The role of VHL in clear-cell renal cell carcinoma and its relation to targeted therapy

Abstract

The basic biology underlying the development of clear-cell renal cell carcinoma (ccRCC) is critically dependent on the von Hippel-Lindau gene (VHL), whose protein product is important in the cell's normal response to hypoxia. Aberrations in VHL's function, either through mutation or promoter hypermethylation, lead to accumulation of the transcriptional regulatory molecule, hypoxia-inducible factor alpha (HIFalpha). HIFalpha can then dimerize with HIFbeta and translocate to the nucleus, where it will transcriptionally upregulate a series of hypoxia-responsive genes, including vascular endothelial growth factor (VEGF), platelet-derived growth factor (PDGF), and others. Binding of these ligands to their cognate receptors activates a series of kinase- dependent signaling pathways, including the RAF-MEK-ERK and phosphatidylinositol-3 kinase-AKT-mTOR pathways. Targeted agents developed and now approved for use in advanced ccRCC include humanized monoclonal antibodies against VEGF, small-molecule tyrosine kinase inhibitors, and inhibitors of mTOR. Understanding the biology of ccRCC is critical in understanding the current therapy for the disease and in developing novel therapeutics in the future. This review will provide an overview of the genetics of ccRCC, with an emphasis on how this has informed the development of the targeted therapeutics for this disease.

Figure 1. VHL and HIFα

In the presence of normal tissue oxygenation levels (depicted to the left in figure), prolyl hydroxylases hydroxylate HIFα. Once hydroxylated, an E3 ligase complex binds HIFα in a process that is VHL dependent. This leads to ubiquitination (Ub) of HIFα, marking it for degradation by the proteasomal machinery of the cell. In the right of the figure is depicted the disruption of this normal regulatory process when VHL function is aberrant. In the absence of functional VHL, the E3 ligase complex cannot bind HIFα, irrespective of its hydroxylation status. This leads to accumulation of HIFα in the cell cytoplasm, allowing it to dimerize with the constitutively present HIFβ, translocate to the nucleus, bind to hypoxia response elements, and regulate gene transcription. HIFα, hypoxia-inducible factor alpha; HIFβ, hypoxia-inducible factor beta; HRE, hypoxia response element; Ub, ubiquitin; VHL, von Hippel–Lindau.

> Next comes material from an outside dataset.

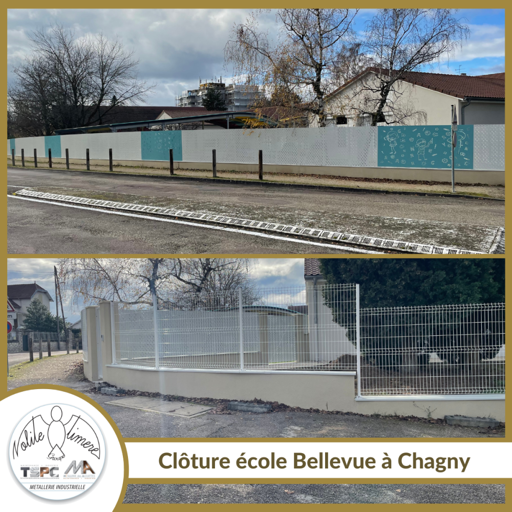 Dans le cadre de la rénovation des clôtures de l’école Bellevue à Chagny, nos équipes ont poursuivi les travaux avec la pose d’une clôture rigide venant épouser les contours du muret extérieur, pour assurer la fermeture complète et la protection du site.

Figure 2. Hypoxia responsive genes

Binding of the HIFα–HIFβ heterodimer to the HRE in the promoter region results in transcriptional upregulation of genes important to the cell’s response to hypoxia. These include vascular endothelial growth factor (VEGF), platelet-derived growth factor (PDGF), transforming growth factor alpha (TGFα), carbonic anhydrase IX (CA-IX), erythropoietin (EPO), glucose transporter 1 (GLUT-1), and BCL2/adenovirus E1B 19 kDa-interacting protein 3 (BNIP3). Binding of ligands, such as VEGF, to their respective cell surface receptors, such as VEGFR, leads to tyrosine phosphorylation of the receptor and subsequent downstream signaling through several kinase-dependent pathways, such as the PI3K–Akt–mTOR pathway and the RAS–RAF–MEK–ERK pathway. Note that mTOR leads to upregulation of basal levels of HIFα. Also shown within these pathways is a subset of the known therapeutic target sites for the monoclonal antibody to VEGF (bevacizumab), the tyrosine kinase inhibitors (sorafenib and sunitinib), and the mTOR inhibitors (temsirolimus and everolimus). AKT, protein kinase B; HIFα, hypoxia-inducible factor alpha; HIFβ, hypoxia-inducible factor beta; HRE, hypoxia response element; mTOR, mammalian target of rapamycin; PI3K, phosphatidylinositol-3 kinase.